DATA TO PROCESS Start Marker

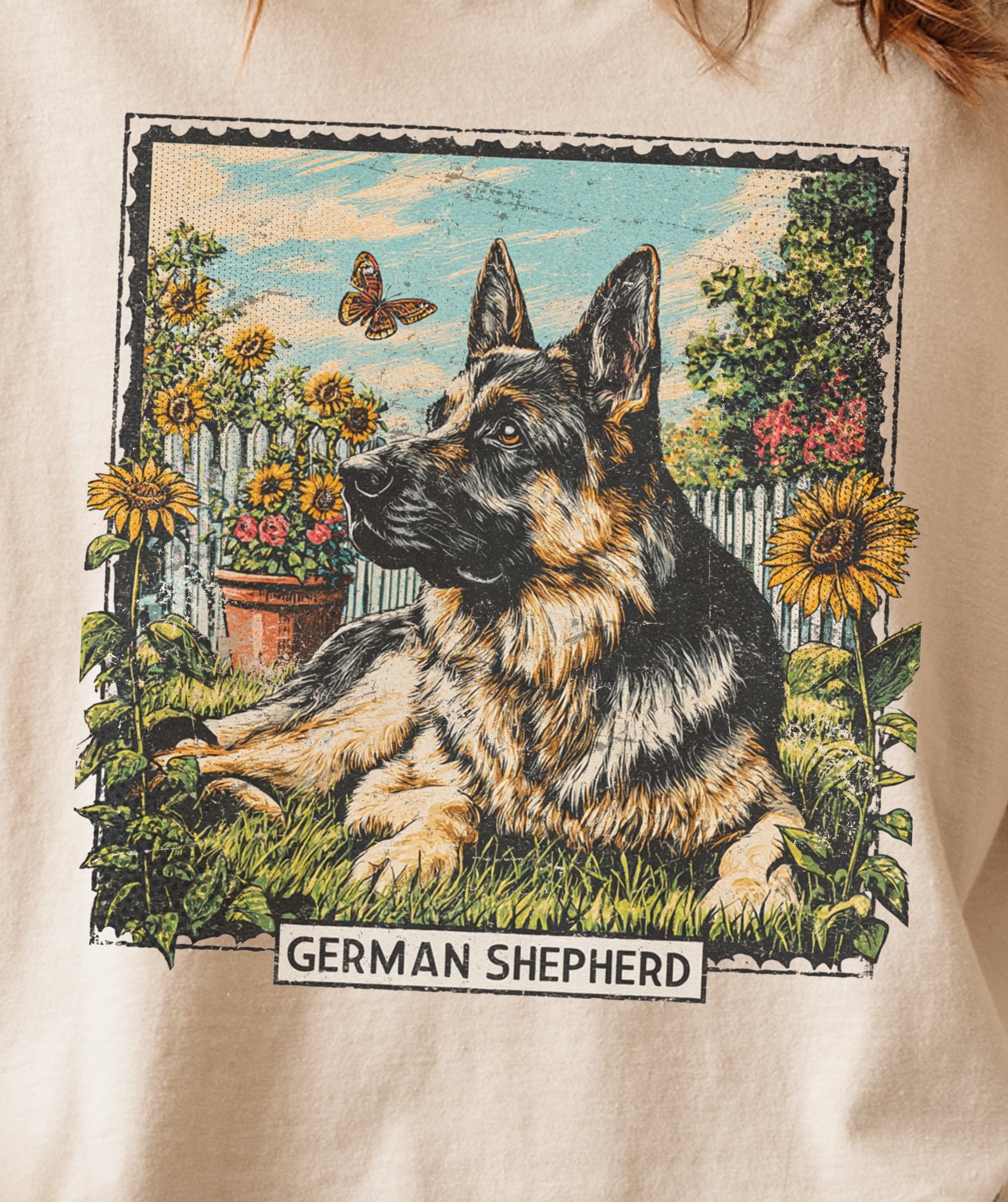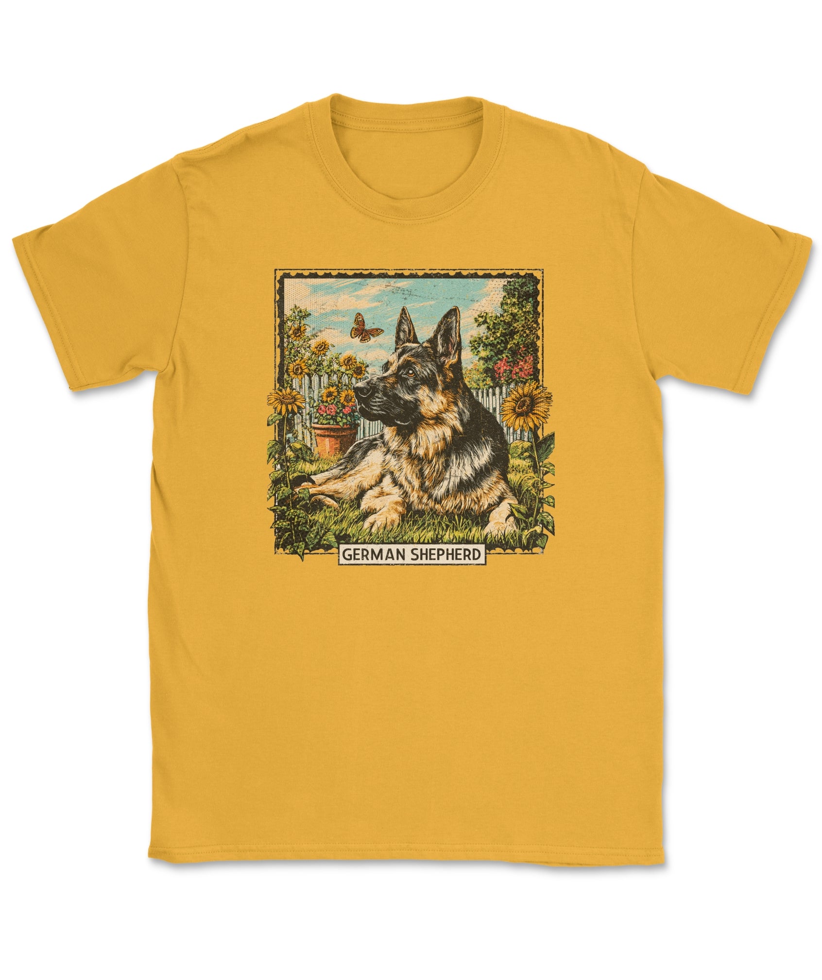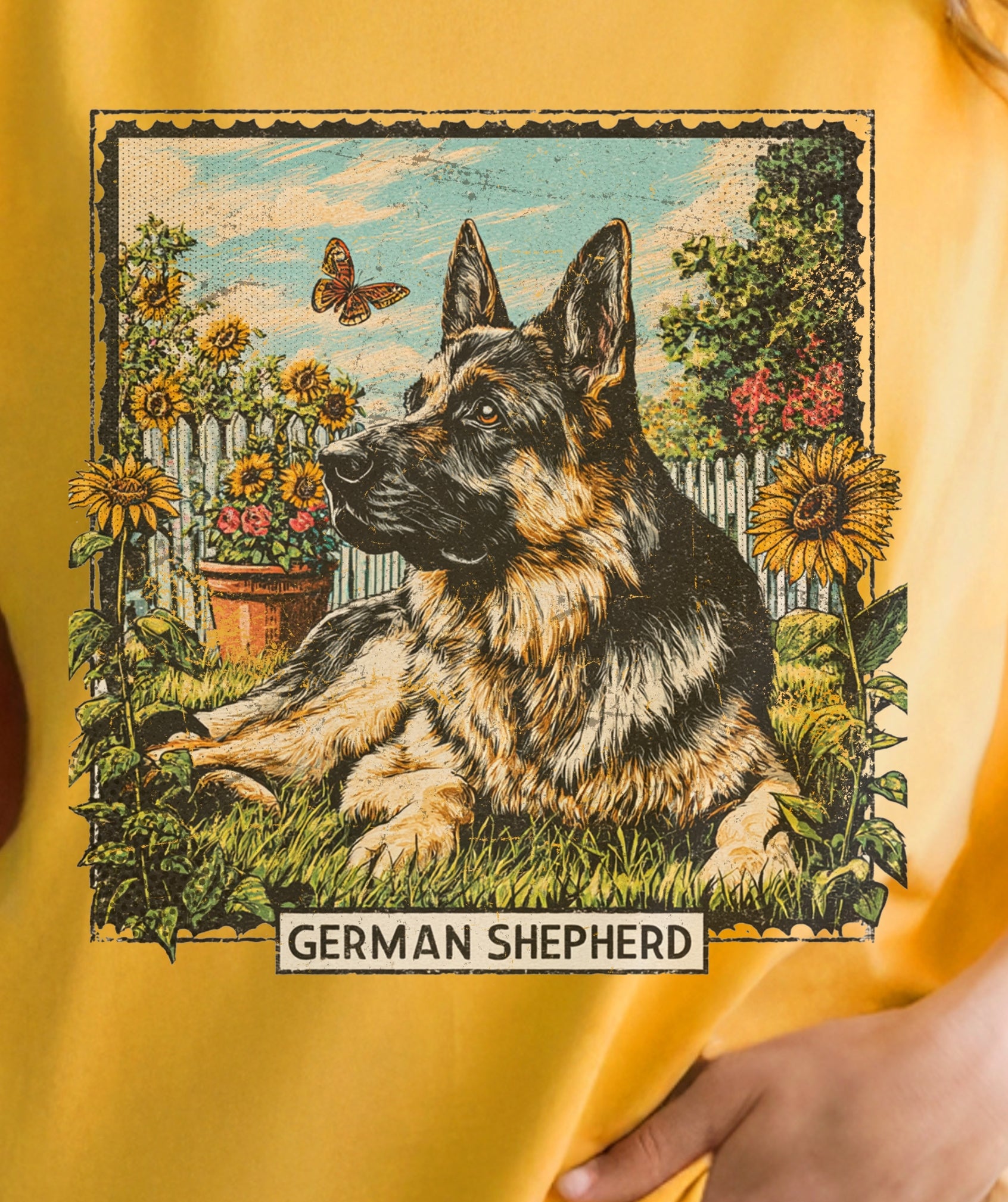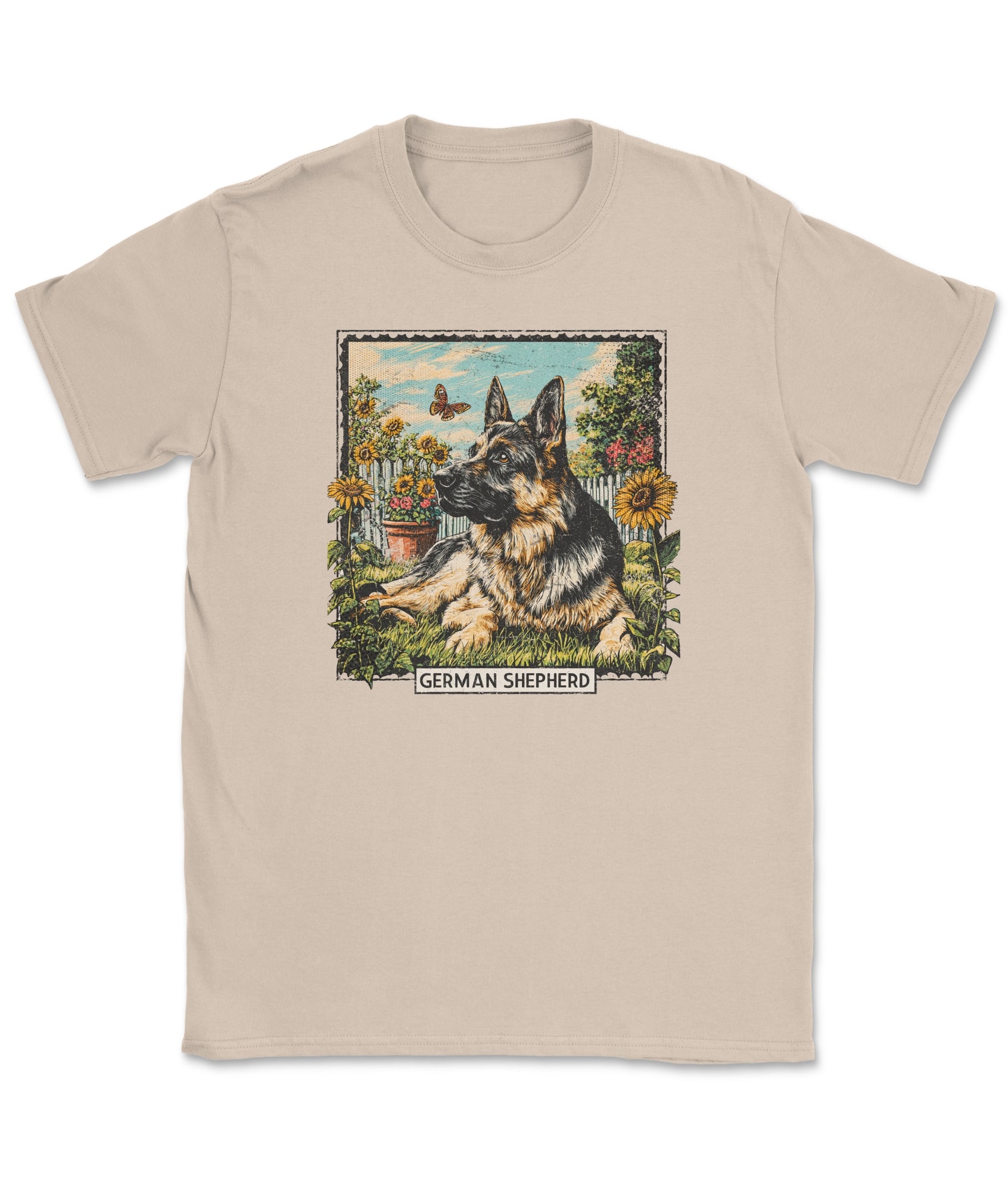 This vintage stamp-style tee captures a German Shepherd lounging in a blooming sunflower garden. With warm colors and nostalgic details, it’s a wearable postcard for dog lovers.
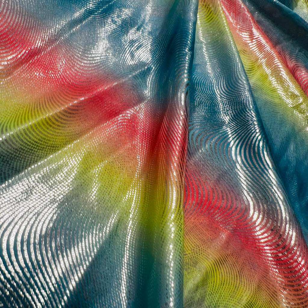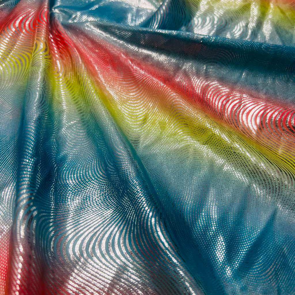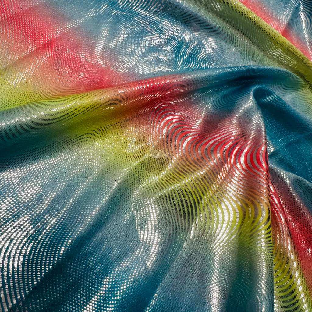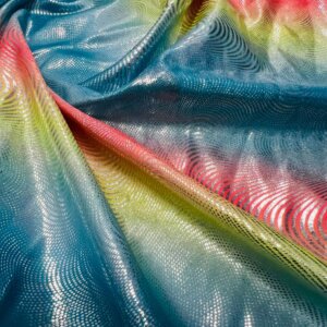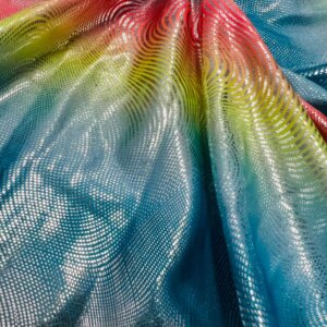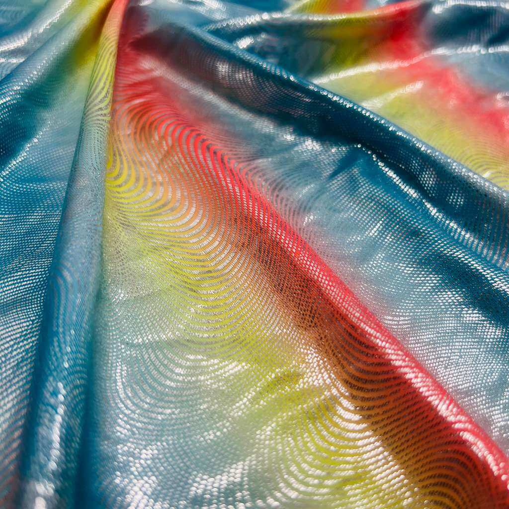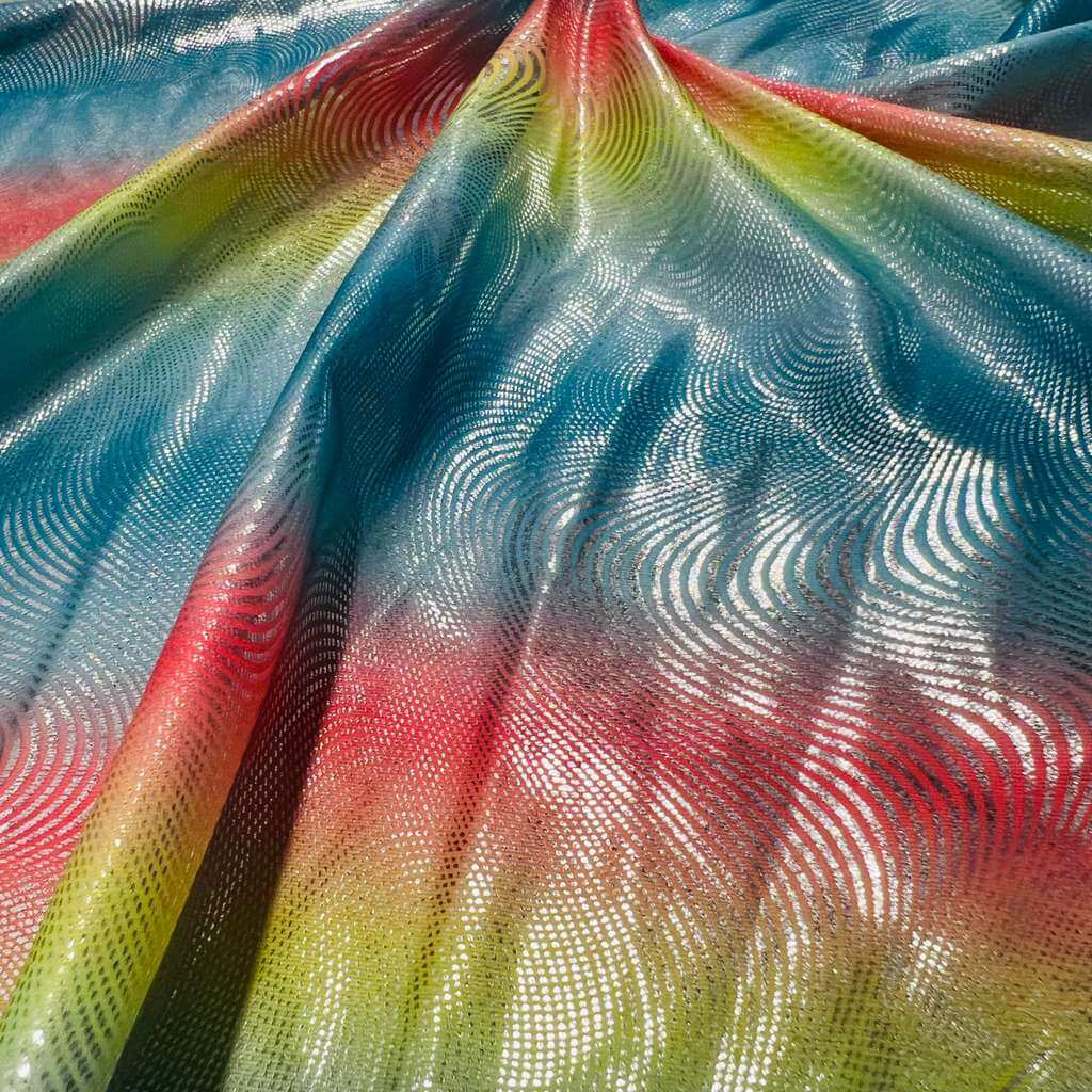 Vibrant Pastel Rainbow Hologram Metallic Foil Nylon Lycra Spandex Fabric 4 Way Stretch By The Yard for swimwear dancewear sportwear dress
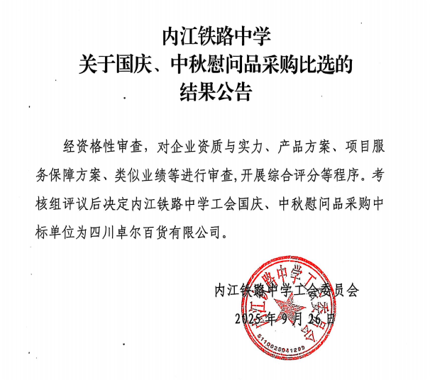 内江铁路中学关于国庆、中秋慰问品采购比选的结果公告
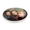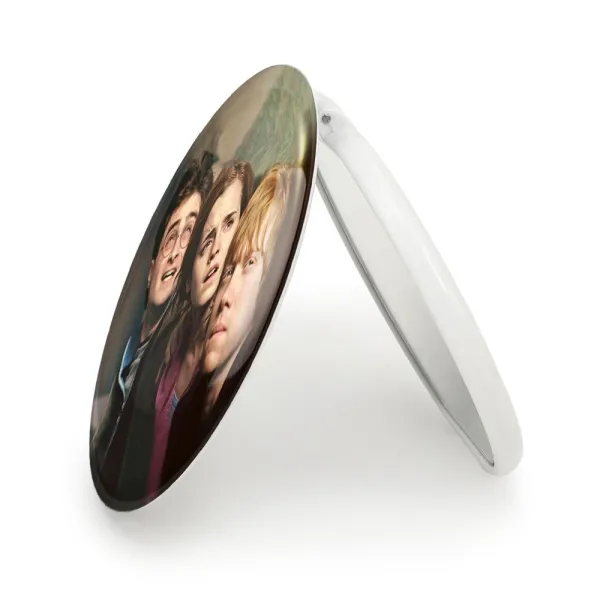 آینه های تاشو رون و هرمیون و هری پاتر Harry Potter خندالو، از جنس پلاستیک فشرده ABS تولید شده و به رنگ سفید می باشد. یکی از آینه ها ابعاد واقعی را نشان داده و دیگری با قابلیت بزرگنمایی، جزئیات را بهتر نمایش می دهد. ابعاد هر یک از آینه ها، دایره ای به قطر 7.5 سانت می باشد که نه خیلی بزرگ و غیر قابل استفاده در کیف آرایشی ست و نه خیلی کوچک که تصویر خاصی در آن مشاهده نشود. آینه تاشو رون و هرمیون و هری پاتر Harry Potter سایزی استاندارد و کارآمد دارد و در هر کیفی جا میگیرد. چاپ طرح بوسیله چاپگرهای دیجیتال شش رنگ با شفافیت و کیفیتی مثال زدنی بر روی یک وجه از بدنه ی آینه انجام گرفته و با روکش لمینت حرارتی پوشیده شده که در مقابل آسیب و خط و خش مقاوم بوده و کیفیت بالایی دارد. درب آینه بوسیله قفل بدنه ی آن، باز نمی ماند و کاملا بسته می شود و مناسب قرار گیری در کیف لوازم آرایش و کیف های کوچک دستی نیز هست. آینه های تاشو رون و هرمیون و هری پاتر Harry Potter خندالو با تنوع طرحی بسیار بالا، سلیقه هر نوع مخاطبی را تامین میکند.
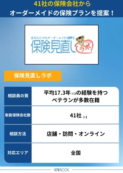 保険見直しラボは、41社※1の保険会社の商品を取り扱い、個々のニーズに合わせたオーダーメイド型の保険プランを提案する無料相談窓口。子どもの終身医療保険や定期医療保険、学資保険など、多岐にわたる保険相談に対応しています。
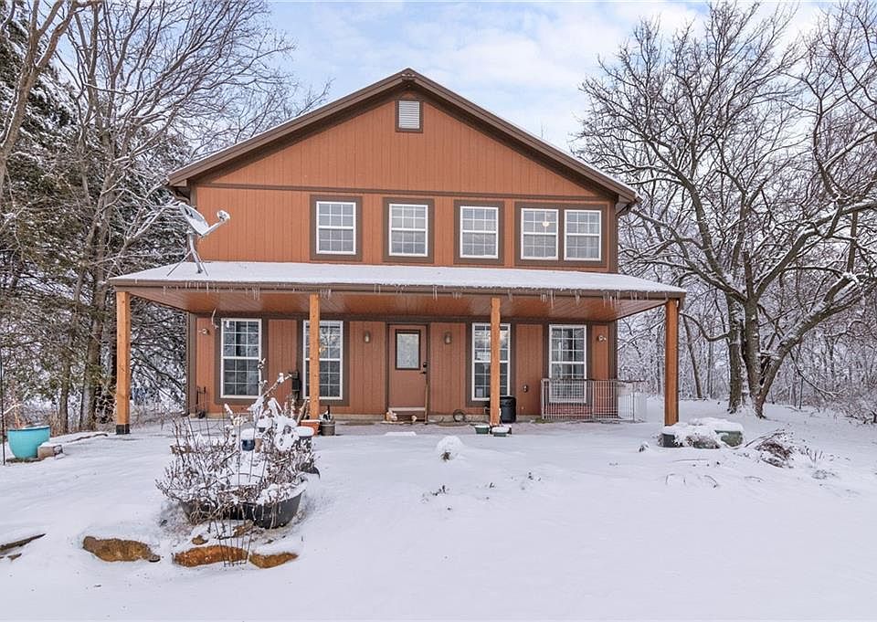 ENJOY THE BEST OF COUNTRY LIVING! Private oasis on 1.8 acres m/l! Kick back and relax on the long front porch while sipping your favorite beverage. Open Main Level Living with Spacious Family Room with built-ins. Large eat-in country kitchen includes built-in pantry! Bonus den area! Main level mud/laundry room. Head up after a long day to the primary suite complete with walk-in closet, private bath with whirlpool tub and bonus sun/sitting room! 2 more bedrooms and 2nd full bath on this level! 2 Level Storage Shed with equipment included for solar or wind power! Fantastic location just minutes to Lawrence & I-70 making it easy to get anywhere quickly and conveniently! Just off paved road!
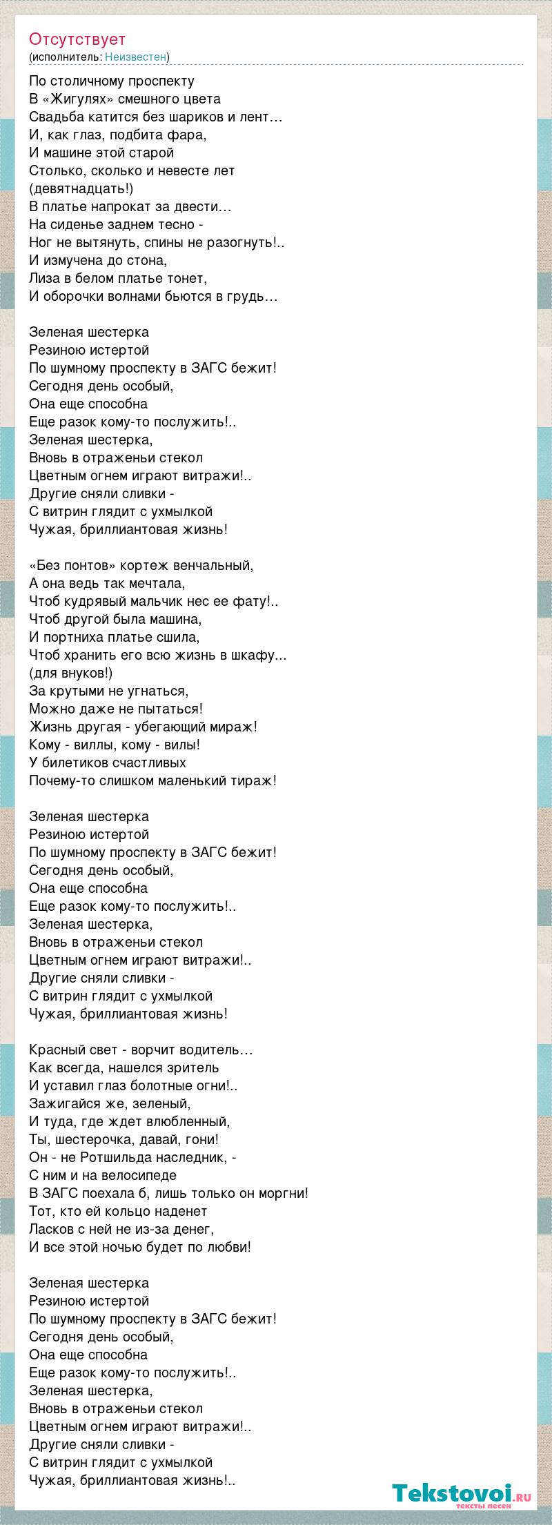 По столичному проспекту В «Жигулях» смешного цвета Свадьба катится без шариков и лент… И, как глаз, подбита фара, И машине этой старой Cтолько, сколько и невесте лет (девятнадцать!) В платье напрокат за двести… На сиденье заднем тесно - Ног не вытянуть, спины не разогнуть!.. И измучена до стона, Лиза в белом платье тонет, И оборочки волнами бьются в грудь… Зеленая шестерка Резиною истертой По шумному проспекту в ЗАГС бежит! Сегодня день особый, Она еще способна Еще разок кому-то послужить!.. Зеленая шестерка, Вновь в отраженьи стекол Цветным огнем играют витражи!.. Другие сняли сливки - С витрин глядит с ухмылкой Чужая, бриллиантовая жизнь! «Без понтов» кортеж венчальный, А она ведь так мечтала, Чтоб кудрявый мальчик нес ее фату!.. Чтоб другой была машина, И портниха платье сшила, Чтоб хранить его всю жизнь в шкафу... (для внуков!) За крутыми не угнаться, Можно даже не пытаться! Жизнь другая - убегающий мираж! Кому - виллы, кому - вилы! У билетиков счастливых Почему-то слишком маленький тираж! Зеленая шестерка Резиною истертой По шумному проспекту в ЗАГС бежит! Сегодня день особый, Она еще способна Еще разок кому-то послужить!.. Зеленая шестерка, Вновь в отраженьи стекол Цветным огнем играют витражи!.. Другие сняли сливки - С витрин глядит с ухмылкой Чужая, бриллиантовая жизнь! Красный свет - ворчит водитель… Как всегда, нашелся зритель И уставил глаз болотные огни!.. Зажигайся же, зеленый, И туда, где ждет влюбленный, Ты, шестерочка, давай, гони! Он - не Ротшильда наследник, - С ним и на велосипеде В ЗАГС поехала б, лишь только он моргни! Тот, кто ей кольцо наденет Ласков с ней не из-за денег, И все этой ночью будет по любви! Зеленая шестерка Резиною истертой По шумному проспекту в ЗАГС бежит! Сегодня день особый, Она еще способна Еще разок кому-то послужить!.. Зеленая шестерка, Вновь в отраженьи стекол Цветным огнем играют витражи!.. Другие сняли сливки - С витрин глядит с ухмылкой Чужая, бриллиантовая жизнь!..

DATA TO PROCESS End Marker

• WORK TASK: Skip every picture and return the lines above from the top through the one that contains "内江铁路中学关于国庆、中秋慰问品采购比选的结果公告".

• SOLUTION TO THIS PROBLEM:
 This vintage stamp-style tee captures a German Shepherd lounging in a blooming sunflower garden. With warm colors and nostalgic details, it’s a wearable postcard for dog lovers.
 Vibrant Pastel Rainbow Hologram Metallic Foil Nylon Lycra Spandex Fabric 4 Way Stretch By The Yard for swimwear dancewear sportwear dress
 内江铁路中学关于国庆、中秋慰问品采购比选的结果公告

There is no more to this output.